= 2020 Alpine Skiing World Cup – Men's parallel =

Alpine ski discipline year standings

The men's parallel competition in the 2020 FIS Alpine Skiing World Cup was contested as a World Cup discipline separate from slalom for the first time in 2020. Prior to the season, FIS decided to combine parallel skiing events (including all of parallel giant slalom, parallel slalom, and city events (parallel slaloms held on courses built within cities)) into a new discipline, joining the existing disciplines of downhill, Super-G, giant slalom, slalom, and combined.

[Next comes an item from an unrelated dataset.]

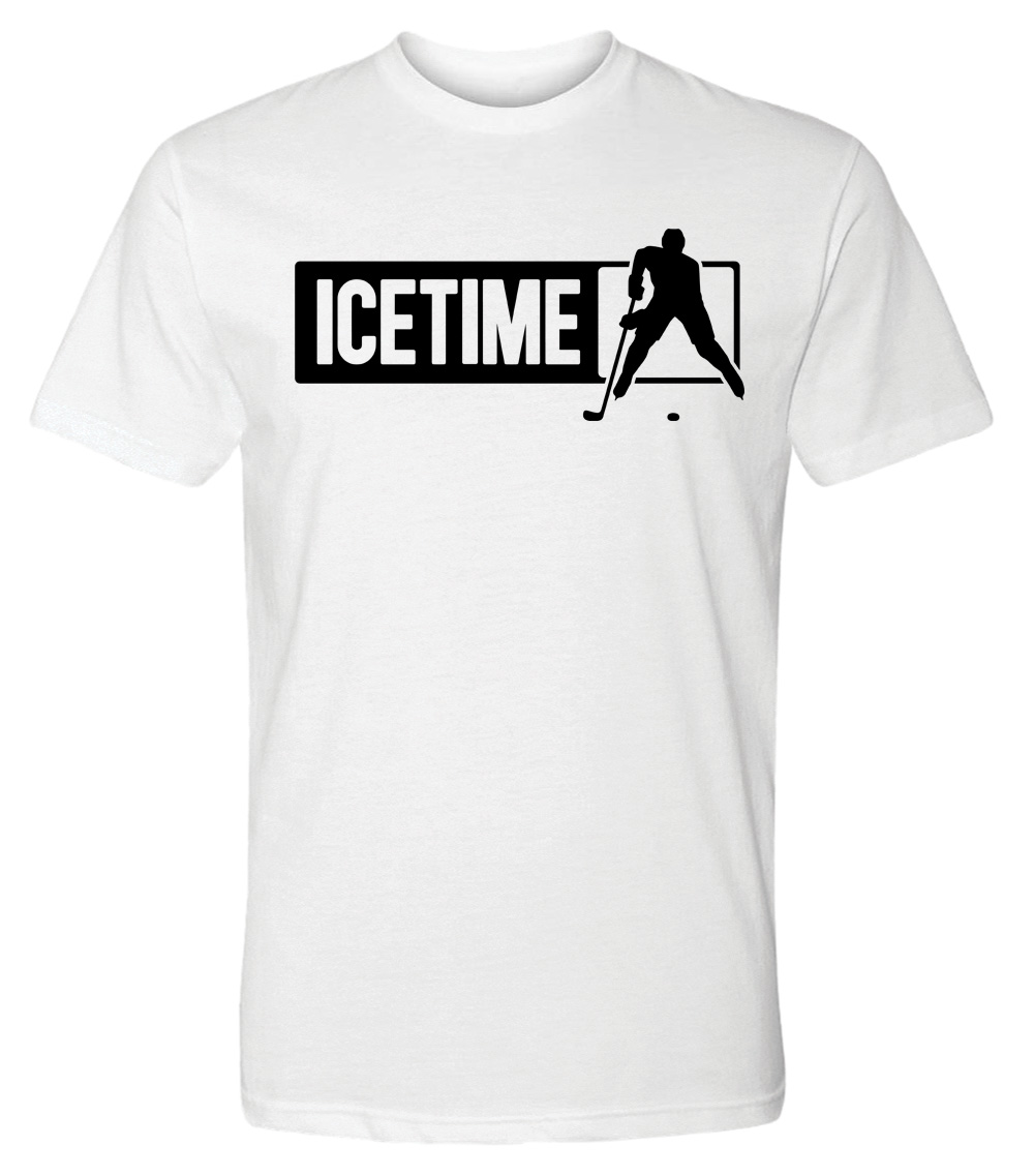 This premium tri-blend short sleeve shirt displays our 'Icetime' design. The fabric weight is a 4.5 ounces and made from 25% ring spun cotton, 25% rayon, and 50% polyester. Wash on cold and air dry.

The discipline winner would receive a small crystal globe, similar to the other disciplines. However, at the same time, FIS decided to drop the city events to reduce the amount of travel required during the World Cup season, planning to replace them with more parallel events at regular venues.

The parallel format was also changed to make the race more TV-friendly. Parallel races now began with one classic qualification run to determine the top 32, who advanced to the elimination phase of the main competition. The round of 32 used the existing run and re-run format, so that each competitor got to start from each side, but from the round of 16 forward, there was only one run per race and a direct knockout system—the loser of each race was gone. However, the new format immediately became controversial, as making two giant slalom courses equal in a single-run format proved close to impossible, and the first men's parallel giant slalom races suffered from "the luck of the draw" becoming determinative: all eight round-of-16 matches were won by the racer on the same randomly-selected course.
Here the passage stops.